If you could align the characters, or rather groups of characters, you could work out tables saying that aa => a, bb => z, and so on. 如果您可以对齐字符，或者更确切地说是字符组，则可以计算出如下表：aa => a，bb => z，依此类推。 If you had such tables, you could align the characters using http://en.wikipedia.org/wiki/Dynamic_time_warping . 如果您有这样的表格，则可以使用http://en.wikipedia.org/wiki/Dynamic_time_warping对齐字符。 One approach is therefore to guess an alignment (eg one for one, just as a starting point, or just align the first and last characters of each sequence), work out a translation table from that, use DTW to get a new alignment, work out a revised translation table, and iterate in that way. 因此，一种方法是猜测一个比对（例如，一个对一个，作为起点，或者仅比对每个序列的第一个和最后一个字符），从中得出一个翻译表，使用DTW获得新的比对，列出修改后的翻译表，然后以这种方式进行迭代。 Perhaps you could wrap this up with enough maths to show that there is some measure of optimality or probability that such passes increase, climbing to a local maximum. 也许您可以用足够的数学来总结一下，以表明存在某种程度的最优性或概率，这种通过率会增加，并达到局部最大值。

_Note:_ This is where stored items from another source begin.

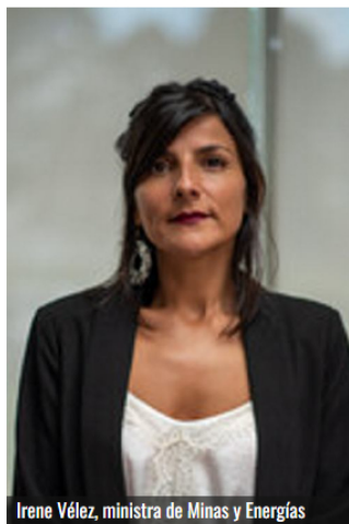
Irene Vélez, ministra de Minas y Energías

Y, con esto, es posible que se retome el debate de lo que ocurriría con el precio del bien en el país. Según Ecopetrol , el costo del gas domiciliario podría triplicarse en caso que se opte por cesar la exploración y extracción del combustible.
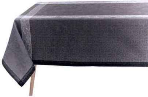
Nappe Ottomane coloris ardoise. Le Jacquard Français. 199 € le format carré 175 cm
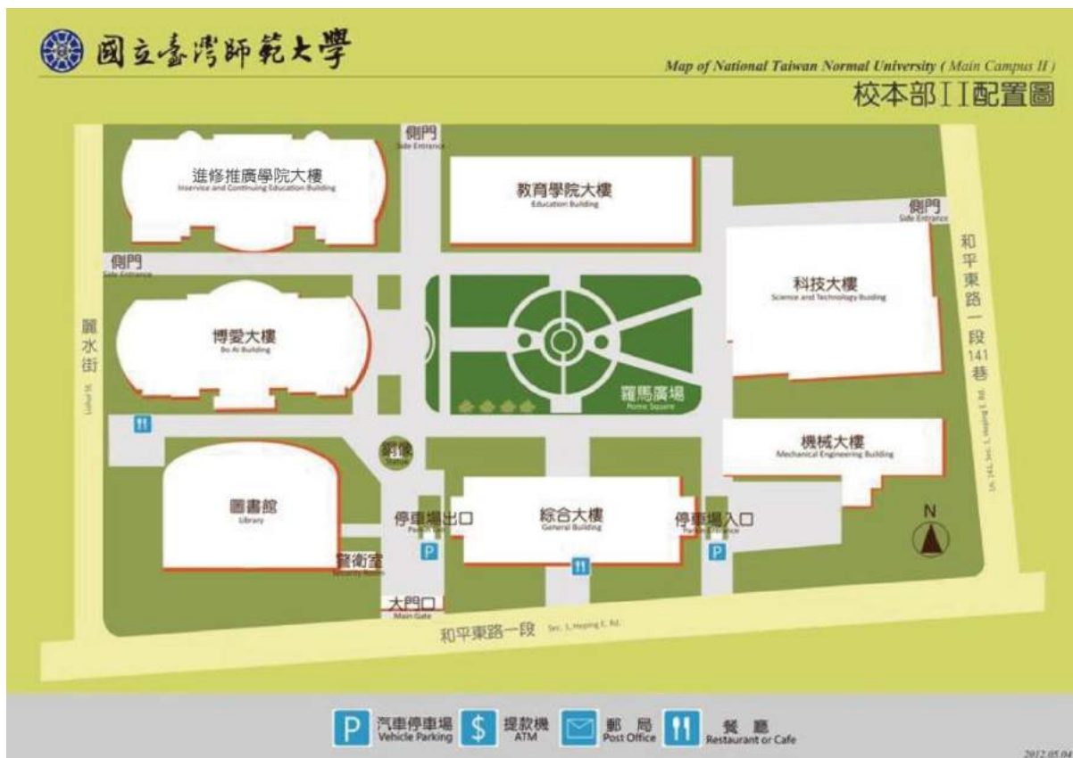
國立臺灣師範大學圖書館校區配置圖
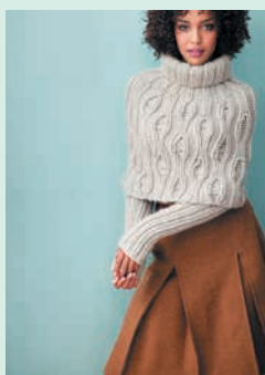
Сливочное мороженое. Пончо со съёмными рукавами (с. 122)

There is probably some way of doing this by modelling a Hidden Markov Model that generates both sequences simultaneously and then deriving rules from that model, but I would not chose this approach unless I was already familiar with HMMs and had software to use as a starting point that I was happy to modify. 可以通过建模隐马尔可夫模型（同时生成两个序列，然后从该模型导出规则）来实现此目的，但是除非我已经熟悉HMM并拥有可以用作起点的软件，否则我不会选择这种方法。我很高兴修改。

You can use text to speech to create sound waves. 您可以使用文字语音来创建声波。 then compare sound waves with other's and match them with percentages. 然后将声波与他人的声波进行比较，并将其与百分比进行匹配。

This is my theory how Google has such a advanced spell checker. 这是我的理论，Google如何使用这种高级拼写检查器。